A7) A difficulty with scoring word frequency is that it causes very common words to dominate the document (e.g., a higher score), yet they may not carry as much "informational content" for the model as rarer but maybe domain specialised words.
One method is to rescale the frequency of words based on how frequently they appear in all texts, penalising frequent words like "the" that appear frequently across all publications.
Term Frequency – Inverse Document Frequency, or TF-IDF for short, is a scoring method in which:
● Term Frequency is a metric that measures how frequently a term appears in the current document.
● Inverse Document Frequency (IDF) is a metric for determining how uncommon a word is across documents.
The results are based on a weighted average, which means that not all words are equally relevant or intriguing.
The ratings have the effect of highlighting words in a document that are unique (contain useful information).
Q8) Introduce social network analysis?
A8) The technique of investigating social structures using networks and graph theory is known as social network analysis (SNA). It classifies networked systems as nodes (individual actors, persons, or items in the network) and ties, edges, or links (relationships or interactions) that connect them. Social media networks, memes spread, information circulation, friendship and acquaintance networks, business networks, knowledge networks, difficult working relationships, social networks, collaboration graphs, kinship, disease transmission, examples of social structures commonly visualised through social network analysis.
Sociograms, in which nodes are represented as points and links are depicted as lines, are frequently used to display these networks.
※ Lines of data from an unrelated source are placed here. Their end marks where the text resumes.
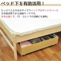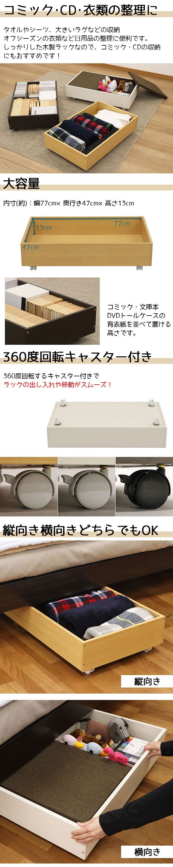 | シンプルなキャスター付きのベッド下収納ラック(ベッド下収納 ラック)です。 底板の厚みは約1.3cmもあり、とても頑丈な作りになっています♪ たっぷり入る大きめサイズでベッド下のデッドスペースを有効活用できる収納ラックです。 丈夫な造りで、CD・コミックの収納にも便利。 内寸(約):幅77cm×奥行き47cm×高さ13cm コミック・文庫本、DVDトールケースの背表紙を並べて置ける高さです。 360度回転するキャスター付きでラックの出し入れや移動がスムーズ! (キャスターを外してご使用は可能ですが、接地面が傷つく恐れがありますので、床面の保護をおすすめいたします) 縦向き横向きどちらでもOK ネジ穴を綺麗に隠す目隠しシール付き |
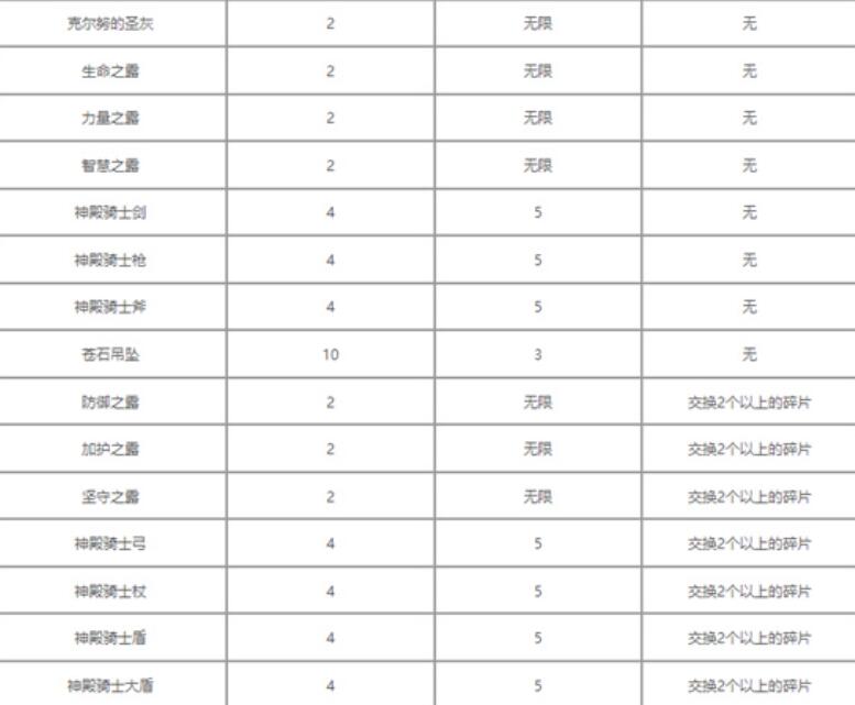 11.持久之露:交换2个以上天空碎片后解锁
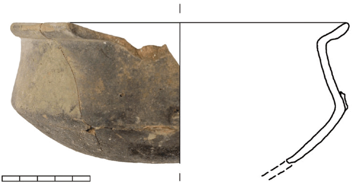 Fragmentirani lonac. Smeđa glina s primjesama kvarca i sitnog pijeska. Izvana sloj gareži.
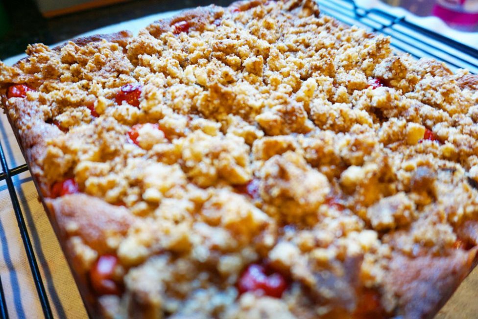 But here’s the crumb cake recipe! I’ve linked to the original but posted below with the ingredients I swapped out. The texture was still fantastic, and if there’s one flavor that goes so well with sour cherries, it’s almond. You could probably swap out the flour completely, but I’m still experimenting to get it right.
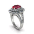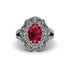 This stunning engagement ring features an elegant oval-cut Ruby center stone surrounded by a breathtaking halo of round brilliant and marquise-cut accent Diamond. The ring's band has a split shank design set with smaller round accent stones on both sides, creating a stunning visual effect. With its distinctive double halo and split shank, this ring exudes sophistication and romance, making it the perfect symbol of your eternal commitment. Embark on your journey together with a ring as extraordinary as your love.

These visualisations allow you to examine networks qualitatively by changing the visual depiction of their nodes and edges to reflect different qualities.
In modern sociology, social network analysis has become a crucial technique. It is now widely available as a consumer tool in the fields of anthropology, biology, demography, communication studies, economics, geography, history, information science, organisational studies, political science, public health, social psychology, development studies, sociolinguistics, and computer science (see the list of SNA software).
SNA has two distinct advantages. To begin with, it can process a vast amount of relational data and define the overall topology of a relational network. Tem and parameter selection, such as in-degree and out-degree centrality, to confirm the network's influential nodes. SNA context and choose the parameters to use to identify the "centre" based on the network's characteristics. The communication structure and position of persons may be precisely characterised by examining nodes, clusters, and relations.
History
Early sociologists such as Georg Simmel and Émile Durkheim spoke on the necessity of analysing patterns of relationships that connect social actors, which laid the groundwork for social network analysis. Since the early twentieth century, social scientists have used the term "social networks" to describe complex sets of relationships between members of social systems at various dimensions, from interpersonal to worldwide.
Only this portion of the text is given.